Spain Hits Record 22.4 Million Workers, Driven by Migrant Employment

📡 eldiario.es · 2 min read ·
Spain Hits Record 22.4 Million Workers, Driven by Migrant Employment
Spain’s labor market reached a new all-time high in June, surpassing 22.4 million workers registered with the Social Security system. The country added 128,500 new affiliates compared to May, marking the third-best June this century. The surge was largely fueled by foreign workers, who accounted for more than half of the new jobs: 86,630 people, or 67% of the total increase. This comes during a government-led extraordinary regularization process for migrants, which ended on June 30 with over 1.2 million applications. The Ministry of Social Security reported that the regularization directly added nearly 160,000 workers to the system by the end of June. This pushed the number of foreign affiliates to a record 3,446,178, representing 15% of all workers. “Never in history have there been so many workers registered,” said the Ministry, highlighting record levels among young people, women, men, self-employed workers, and foreign workers. Spain now leads Europe in job creation. In the first quarter of the year, more than half of all new jobs in the European Union were created in Spain. The June data also showed strong year-on-year growth of 2.8%, the highest in three years, with over 605,200 jobs created in the last 12 months.
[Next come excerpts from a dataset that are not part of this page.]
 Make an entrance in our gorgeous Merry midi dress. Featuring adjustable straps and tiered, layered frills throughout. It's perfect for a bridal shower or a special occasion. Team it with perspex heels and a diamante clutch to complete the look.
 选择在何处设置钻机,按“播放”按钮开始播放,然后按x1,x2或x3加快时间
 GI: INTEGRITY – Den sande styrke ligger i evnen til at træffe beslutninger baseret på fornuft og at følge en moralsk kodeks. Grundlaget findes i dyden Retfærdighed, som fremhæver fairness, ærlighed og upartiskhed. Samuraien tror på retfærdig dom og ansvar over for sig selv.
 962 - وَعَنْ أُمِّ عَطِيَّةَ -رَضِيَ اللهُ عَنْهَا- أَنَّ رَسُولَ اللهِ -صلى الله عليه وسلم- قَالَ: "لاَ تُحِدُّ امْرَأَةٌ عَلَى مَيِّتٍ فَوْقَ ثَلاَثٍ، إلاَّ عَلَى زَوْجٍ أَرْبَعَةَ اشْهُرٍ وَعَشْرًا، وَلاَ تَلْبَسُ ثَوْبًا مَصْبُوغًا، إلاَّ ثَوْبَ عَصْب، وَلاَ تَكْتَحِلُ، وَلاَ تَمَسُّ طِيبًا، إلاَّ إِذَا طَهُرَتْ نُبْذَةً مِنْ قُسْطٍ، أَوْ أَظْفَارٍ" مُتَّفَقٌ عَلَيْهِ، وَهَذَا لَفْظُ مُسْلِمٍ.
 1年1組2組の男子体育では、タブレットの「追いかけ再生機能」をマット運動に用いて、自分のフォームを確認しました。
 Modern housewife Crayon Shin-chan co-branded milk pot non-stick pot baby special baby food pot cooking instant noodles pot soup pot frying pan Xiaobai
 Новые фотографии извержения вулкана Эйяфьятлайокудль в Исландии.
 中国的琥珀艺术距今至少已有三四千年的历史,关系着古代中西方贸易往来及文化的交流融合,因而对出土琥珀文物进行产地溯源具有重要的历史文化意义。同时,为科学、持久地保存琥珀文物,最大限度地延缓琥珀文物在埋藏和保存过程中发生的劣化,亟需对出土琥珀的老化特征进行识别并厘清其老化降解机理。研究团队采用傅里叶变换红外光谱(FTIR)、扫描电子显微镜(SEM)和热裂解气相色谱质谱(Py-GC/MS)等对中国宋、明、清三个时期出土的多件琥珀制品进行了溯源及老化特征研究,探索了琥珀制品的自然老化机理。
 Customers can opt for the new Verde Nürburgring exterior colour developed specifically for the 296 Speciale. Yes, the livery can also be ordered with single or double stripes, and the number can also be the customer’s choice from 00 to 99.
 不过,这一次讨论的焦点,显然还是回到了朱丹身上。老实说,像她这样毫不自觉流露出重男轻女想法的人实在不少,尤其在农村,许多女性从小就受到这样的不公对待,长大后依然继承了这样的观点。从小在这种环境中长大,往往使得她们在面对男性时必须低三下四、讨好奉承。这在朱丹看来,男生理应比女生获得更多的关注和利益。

Even after adjusting for seasonal effects, the economy added 92,500 jobs—a very high number for this series. **Unemployment Drops Below 2.3 Million** Unemployment fell by 28,700 people in June, a smaller drop than usual but enough to push the total number of jobless below 2.3 million for the first time since January 2008, at the start of the Great Recession. The total now stands at 2,291,982. The Secretary of State for Employment, Joaquín Pérez Rey, attributed the smaller monthly decline to two factors: the shrinking pool of unemployed people, which makes further reductions harder, and lower job turnover due to the 2021 labor reform, which has reduced temporary contracts. Regarding the impact of the migrant regularization on unemployment figures, Pérez Rey said it was “too early” to see effects, and any impact would be “insignificant,” less than 1%. In June, over 1.6 million contracts were signed, with 41% being permanent. Officials from both the Employment and Social Security departments emphasized that the reduction in temporary employment marks a “structural change” in Spain’s labor market, moving toward higher-quality jobs even amid seasonal summer hiring and global uncertainties like the Iran conflict.